За те пять лет, что мы не виделись, произошло много серьезных событий, в корне изменивших жизнь Ганина. Вскоре после нашего знакомства от него ушла жена – его боевой товарищ, прошедшая с ним фронты Гражданской войны. По-видимому, он очень любил ее и тяжело переживал разрыв. Но это больше читалось между строк. Ныть и жаловаться Ганичка не любил.

Потом он сошелся с какой-то молоденькой девушкой-комсомолкой. Его всегда тянуло к молодежи, к ребятам, пионерам, которым он отдавал очень много времени, – был «шефом» каких-то лагерей, и ребята в нем души не чаяли. Из этой комсомолки он мечтал сделать человека содержательного, духовно развитого, дать ей образование, воспитать в своем духе…

Но не получилось. Может быть, слишком велика была разница в возрасте, может, он слишком подавлял ее своим авторитетом, принципиальностью и безапелляционностью. В общем, она родила ему дочь и ушла от него. Трехнедельную девочку Ганичка забрал к себе. Молодая мать, очевидно, решила, что ребенок будет только стеснять ее в дальнейшей жизни, и охотно отдала дочку отцу.

Ганичка влюбился в маленькую дочку, и вся его жизнь обрела единый смысл и единую цель – вырастить это крошечное теплое существо и воспитать умного, мыслящего, содержательного человека – свой образ и подобие. У Ганички были, несмотря на его высокое положение и достаток, свои «железные» принципы. Он был против всяких прислуг и домработниц. Растил девочку самостоятельно, признавая только общественные формы заботы о детях, в данном случае ясли. Дома же он сам кормил ее, сам купал и сам стирал пеленки.

Как раз вскоре после рождения Мальки – так он звал ее, от слова «маленькая», хотя настоящее имя девочки было Мая, Ганин был назначен наркомом юстиции Казахстана и увез с собой в жаркие края, где буйствовали песчаные ветры и все еще орудовали басмачи, новорожденную дочку, которую приходилось выкармливать из бутылочек.

Все это я знала из его писем. Письма из Казахстана были повестью о трудностях и ужасах насильственного становления советской власти в диком краю, о страшной и беспощадной борьбе с басмачами и о маленькой дочке, в которой постепенно пробуждалось человеческое сознание. А потом я получила письмо, где он писал, что устал от юриспруденции и она стала ему претить, и о том, что, как ему кажется, этап, когда надо было «бороться за революцию» и уничтожать ее врагов, миновал.

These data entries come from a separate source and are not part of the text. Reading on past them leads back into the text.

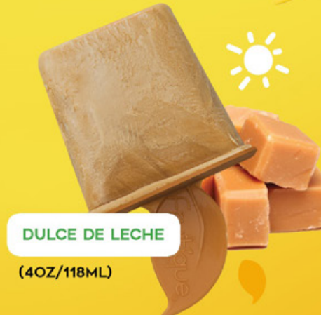
DULCE DE LECHE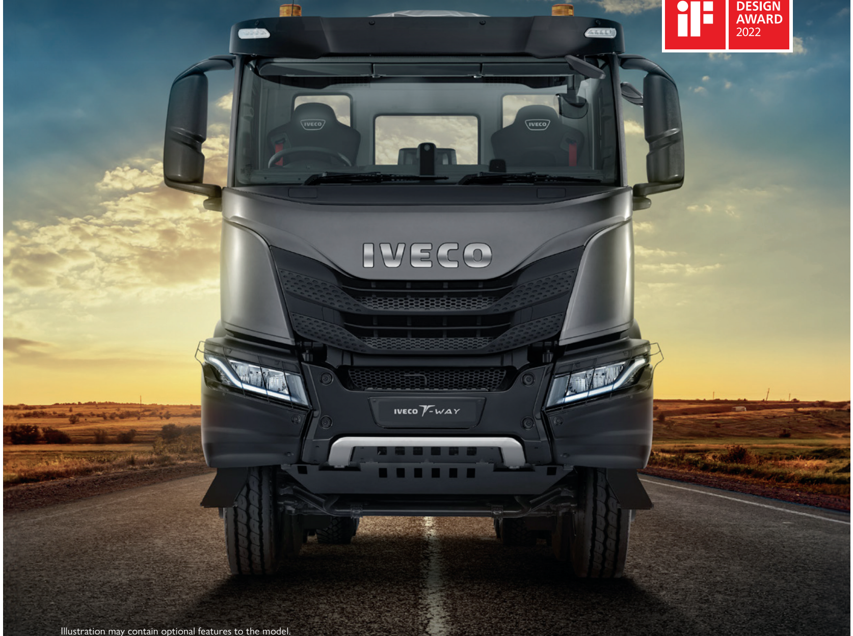
Illustration may contain optional features to the model.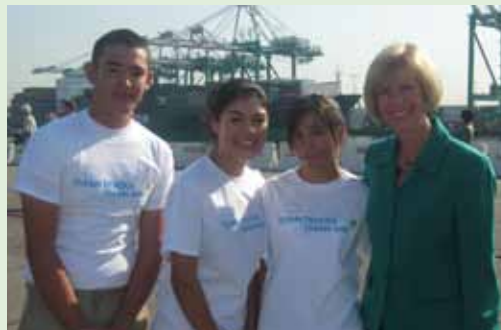
Janice Hahn and students from Port of Los Angeles High School talking about the Clean Trucks Program at the Port of Los Angeles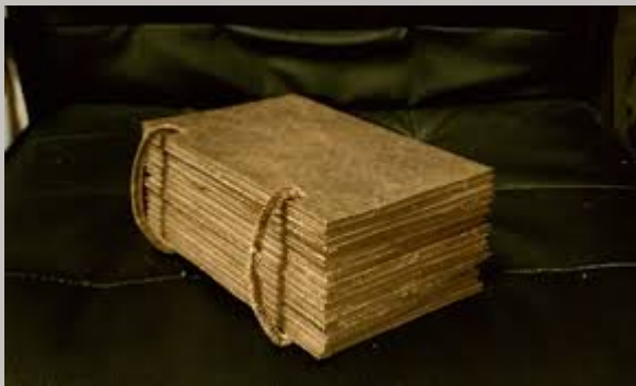
Golden Plates in New York

«Уничтожать, уничтожать и уничтожать…» – писал Ганин. Он устал уничтожать. Ему хочется заняться чем-нибудь другим. Что-нибудь «созидать». Стать рабочим у станка и вытачивать какие-нибудь детали, необходимые для советской индустрии… Словом, Ганин решил сменить профессию. Прежде всего, ушел из Наркомюста СССР. Ушел с грандиозным скандалом, его чуть было не исключили из партии, но в конце концов он на своем настоял. Дело дошло до самого Сталина, и Сталин вызвал его «пред свои очи». Но, как говорится, нашла коса на камень. Ганин подтвердил свое окончательное решение – оставить юриспруденцию.

– Можете делать со мной что хотите, но к юридической работе я не вернусь!

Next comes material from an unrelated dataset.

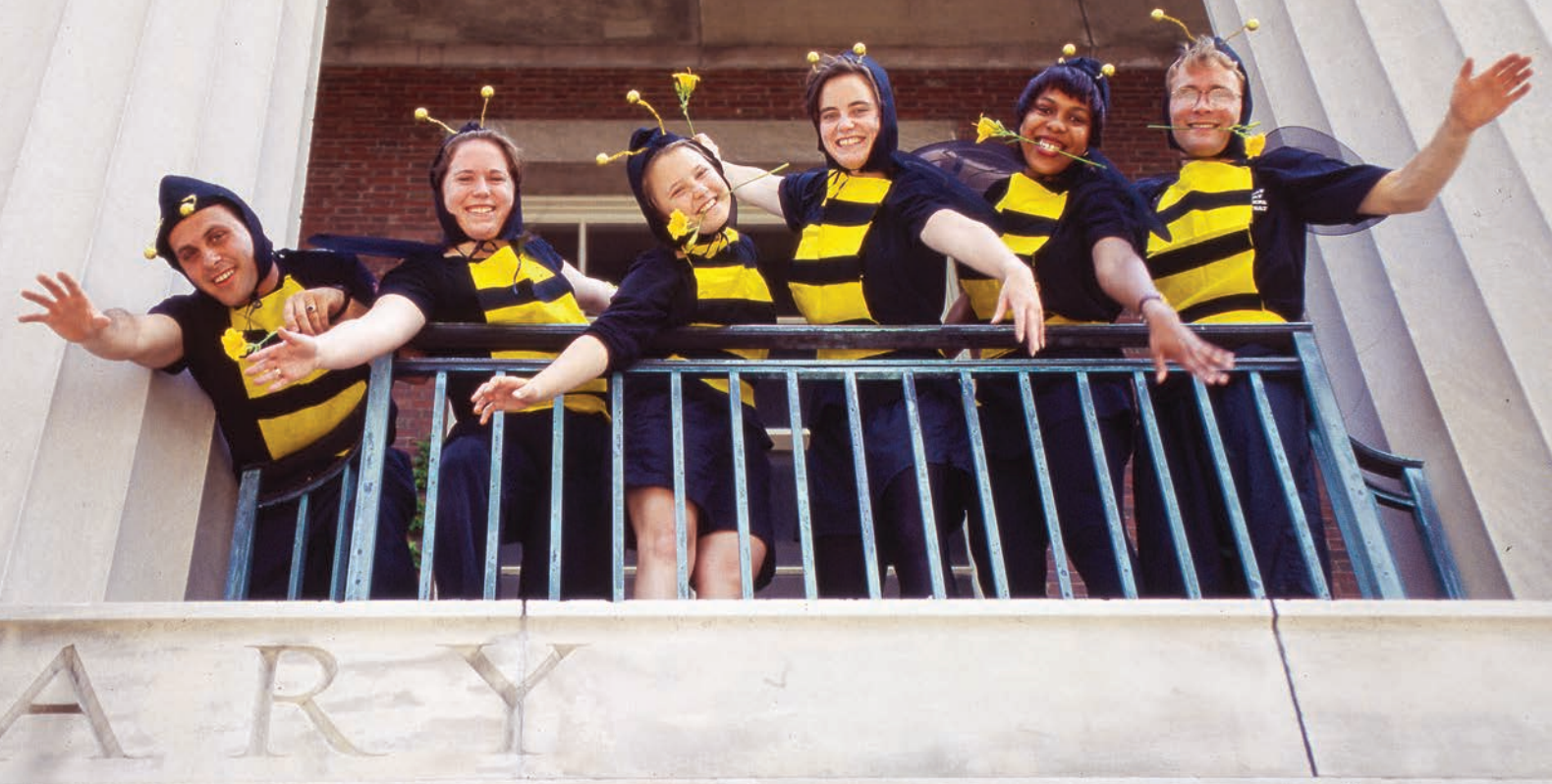
BUSY BALCONY: The Yellowjacket mascot Rocky, who turns 10 this year, has a few ancestors, such as these, pictured on the balcony of Rush Rhees Library. Recognize anyone? Email us at rochrev@rochester.edu .

Очевидно, даже Сталин понял, что его не переломишь, махнул рукой и, как ни странно, велел отпустить.

Ганичку и отпустили на все четыре стороны. Из наркомов он стал простым заводским разнорабочим, так как никакой технической специальности не имел. Норм он не выполнял – не было ни навыка, ни опыта. Через некоторое время перестало хватать денег… После фешенебельного кабинета и персональной машины с шофером ему не стало хватать пяти копеек на трамвай. А на руках была маленькая дочь.

Он все делал сам: отвозил девочку в ясли, привозил, кормил, купал, стирал. Это был цельный характер, Ганичка ничему не мог отдаваться наполовину – ни революции, ни ребенку. В конце концов он поступил учиться в Военную академию механизации и моторизации Красной армии. Ганин был самым старым курсантом в академии, но учился отлично, несмотря на все свалившиеся на него заботы о ребенке. Он также был единственным курсантом в звании майора (носил два ромба), которое ему присвоили после ухода из Наркомюста. Там у него было звание гораздо более высокое.

Вот как раз в это время произошла моя вторая встреча с Ганичкой. Мак только что окончил Академию художеств по архитектуре и по распределению должен был ехать в Башкирию – в Уфу. Естественно, мы уезжали всем семейством – с мамой, с моим новорожденным сыном Славкой, с собачкой Томочкой – умницей-пуделем, с целой кучей багажа, с всякими картинами, картонками, книгами и баулами. (Дама сдавала в багаж…)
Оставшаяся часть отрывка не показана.